Ze moest naar het Torentje, een klein achthoekig gebouwtje met een puntdak dat tussen het regeringscomplex en het Mauritshuis stond, met uitzicht op de Hofvijver. Vanwege de veiligheid was de toegang tot het Torentje vanaf het Plein afgesloten – Mia moest via de poort van het Binnenhof binnendoor en onder begeleiding naar het vertrek van de minister-president. Ze liet haar pas zien, knikte naar de bewaker, ging een toilet in om haar make-up en kleding te controleren, glimlachte even naar zichzelf, verliet het toilet en liep verder.
Het sms’je van haar baas was gekomen nog voor ze een nieuwsalert kreeg: er waren vier Nederlandse soldaten omgekomen bij een vredesmissie in een land waarvan ze niet eens wist dat er een Nederlandse vredesmissie actief was. Ze belde hem meteen: een Bushmaster was op een landmijn gereden en de explosie was zo hevig geweest dat de wagen was opgetild en ondersteboven weer was geland, met de vijf inzittenden er dankzij hun veiligheidsgordels nog in. Mogelijk hadden ze het overleefd als er niet meteen na de ontploffing uit het niets gewapende mannen waren opgedoken die het vuur hadden geopend op de verwrongen hoop staal en de inzittenden, en die daarna weer waren verdwenen in de woestijn. Een van de soldaten had de aanslag overleefd, vermoedelijk hadden de terroristen hem over het hoofd gezien.

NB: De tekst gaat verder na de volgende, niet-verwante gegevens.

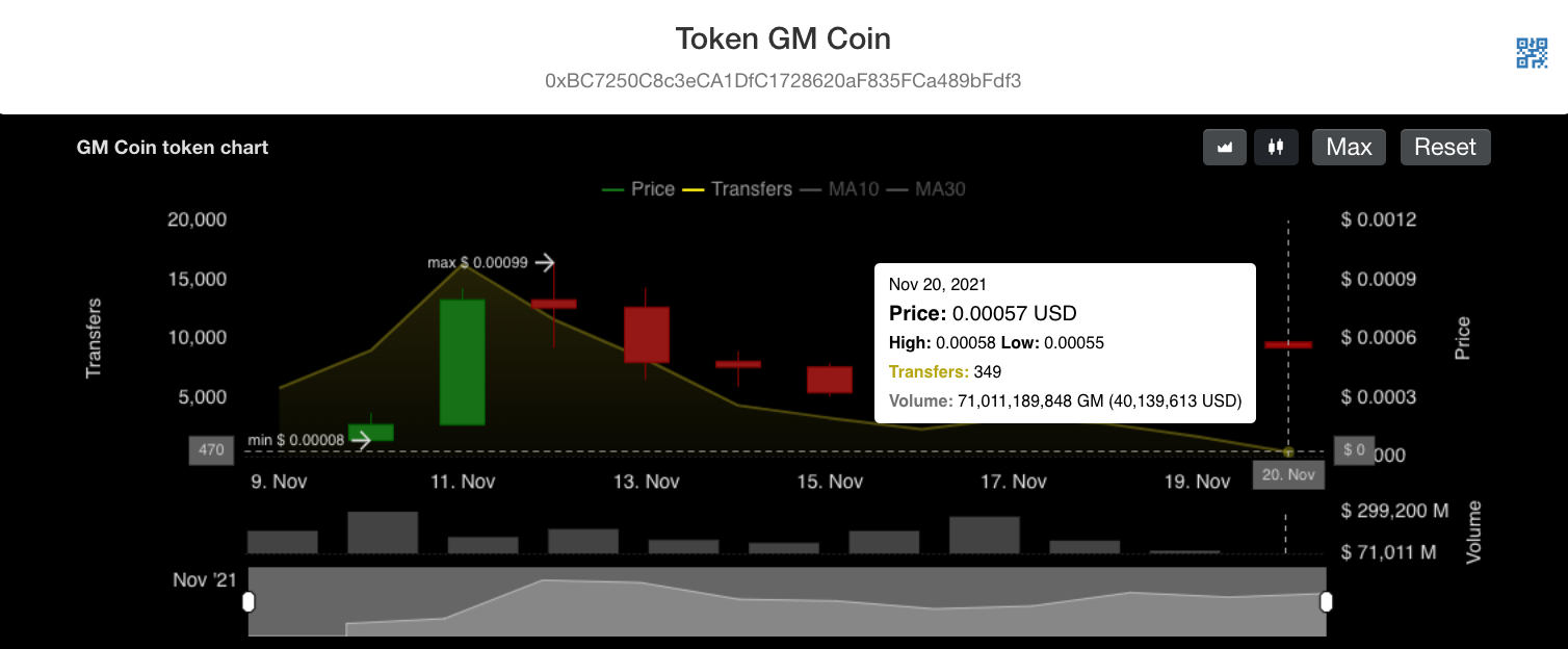 The token had a significant surge on November 11 when it clocked $40 million worth of volume on Uniswap with just 349 transfers, which appears unnatural. That was enough to get the attention of some YOLO traders and moonbois.
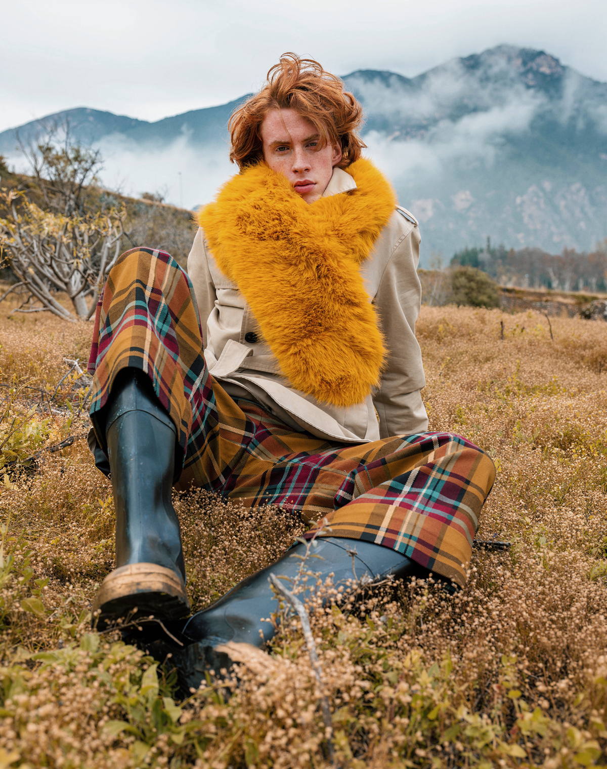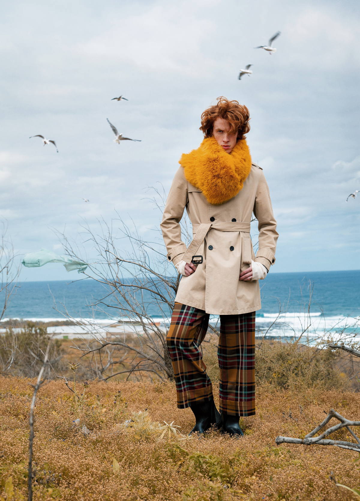 Trench Coat by BURBERRY, committed to carbon reduction and responsible sourcing. Fur Scarf by SAINT LAURENT, advancing traceability and material responsibility. Tartan Trousers by VIVIENNE WESTWOOD, rooted in activism and reduced production volumes. Shoes by PAUL SMITH, focused on craftsmanship and longevity.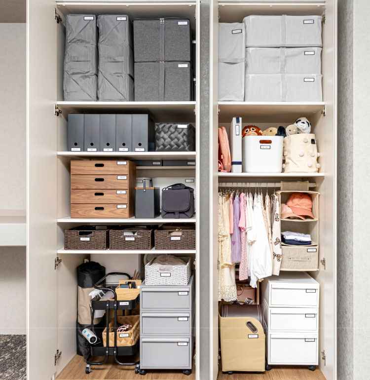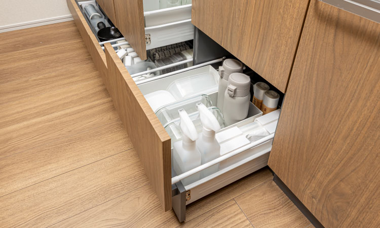 マルチ収納とキッチンフロアキャビネットは、整理収納コンサルティングのプロフェッショナル集団であるインブルームが監修。「マルチ収納」は棚板が前後で可変可能なため、布団やスーツケース、季節家電、防災用品などの大物収納やライフスタイルの変化に対応します。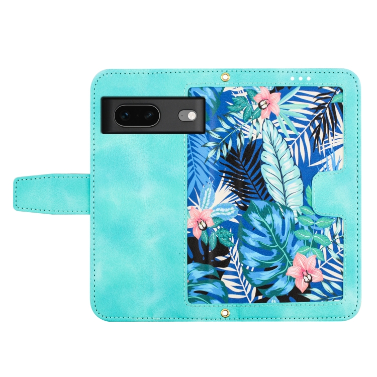 Funda de Cuero para Google Pixel 7 con Estampado Floral y Cordón (Verde)

Hij lag met een shock in de ziekenboeg van de Nederlandse militaire compound, in afwachting van het moment waarop hij vervoerd zou kunnen worden naar Nederland.
Maak vast iets voor Twitter,’ las ze. ‘Ik moet straks een verklaring afleggen op de drie publieke zenders en bij RTL en SBS.’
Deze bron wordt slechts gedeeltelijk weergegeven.